Os países mais pobres precisam de assistência económica especial. A comunidade internacional deveria começar por renunciar ao pagamento das dívidas deste ano dos países em desenvolvimento, inclusive a dívida de 44 mil milhões de dólares de África. Mas a realidade é que serão necessários pelo menos 150 mil milhões de dólares em novos financiamentos para proteger as economias em desenvolvimento.
O Banco Mundial pode aumentar o apoio aos países mantendo-se simultaneamente dentro do seu limite máximo de empréstimos. Mas isso não será suficiente. Em 2009, durante a Grande Recessão, os gastos do Banco Mundial passaram de 16 mil milhões de dólares para 46 mil milhões de dólares. Actualmente, deveria ser garantido um alargamento semelhante dos recursos disponíveis. O Fundo Monetário Internacional prometeu mobilizar todos os recursos disponíveis. O FMI deveria conceder cerca de 500 a 600 mil milhões de dólares em Direitos de Saque Especiais (DSE)).

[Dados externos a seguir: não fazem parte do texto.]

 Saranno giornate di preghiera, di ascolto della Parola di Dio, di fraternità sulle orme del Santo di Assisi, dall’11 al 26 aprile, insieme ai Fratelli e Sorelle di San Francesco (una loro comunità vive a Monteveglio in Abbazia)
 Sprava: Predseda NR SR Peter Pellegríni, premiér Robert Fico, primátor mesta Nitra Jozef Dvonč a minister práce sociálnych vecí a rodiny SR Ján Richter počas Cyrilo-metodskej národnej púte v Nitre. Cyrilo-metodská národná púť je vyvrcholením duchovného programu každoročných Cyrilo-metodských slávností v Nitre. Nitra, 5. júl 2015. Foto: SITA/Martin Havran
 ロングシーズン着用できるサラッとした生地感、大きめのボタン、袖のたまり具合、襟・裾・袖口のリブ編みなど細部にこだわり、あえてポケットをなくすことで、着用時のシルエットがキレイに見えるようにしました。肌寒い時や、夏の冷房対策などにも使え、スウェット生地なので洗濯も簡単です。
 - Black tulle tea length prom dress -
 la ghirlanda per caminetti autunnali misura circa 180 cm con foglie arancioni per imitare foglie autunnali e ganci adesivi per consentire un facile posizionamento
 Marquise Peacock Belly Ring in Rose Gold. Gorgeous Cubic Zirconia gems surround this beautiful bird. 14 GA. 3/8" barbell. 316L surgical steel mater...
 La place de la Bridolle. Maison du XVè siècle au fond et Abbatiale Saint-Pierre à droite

O tempo é limitado. De preferência, tudo isto deveria ser acordado e anunciado formalmente pelo FMI e pelo Comité de Desenvolvimento do Banco Mundial quando se reunirem de 17 a 19 de Abril. Esta pode ser a estratégia de saída mais viável que está disponível para o mundo. Se por um lado o preço parece ser elevado, por outro lado, as consequências de não pagá-lo poderão ser catastróficas.
Gordon Brown,
Ex-primeiro-ministro do Reino Unido, enviado especial da ONU na Comissão Internacional do Financiamento Global da Educação.
Erik Berglof,
Economista-chefe do Banco Europeu para a Reconstrução e Desenvolvimento, director do Instituto de Assuntos Globais da Escola de Economia e Ciências Políticas de Londres.
Jeremy Farrar,
Director do Wellcome Trust, uma fundação a nível mundial dedicada à saúde.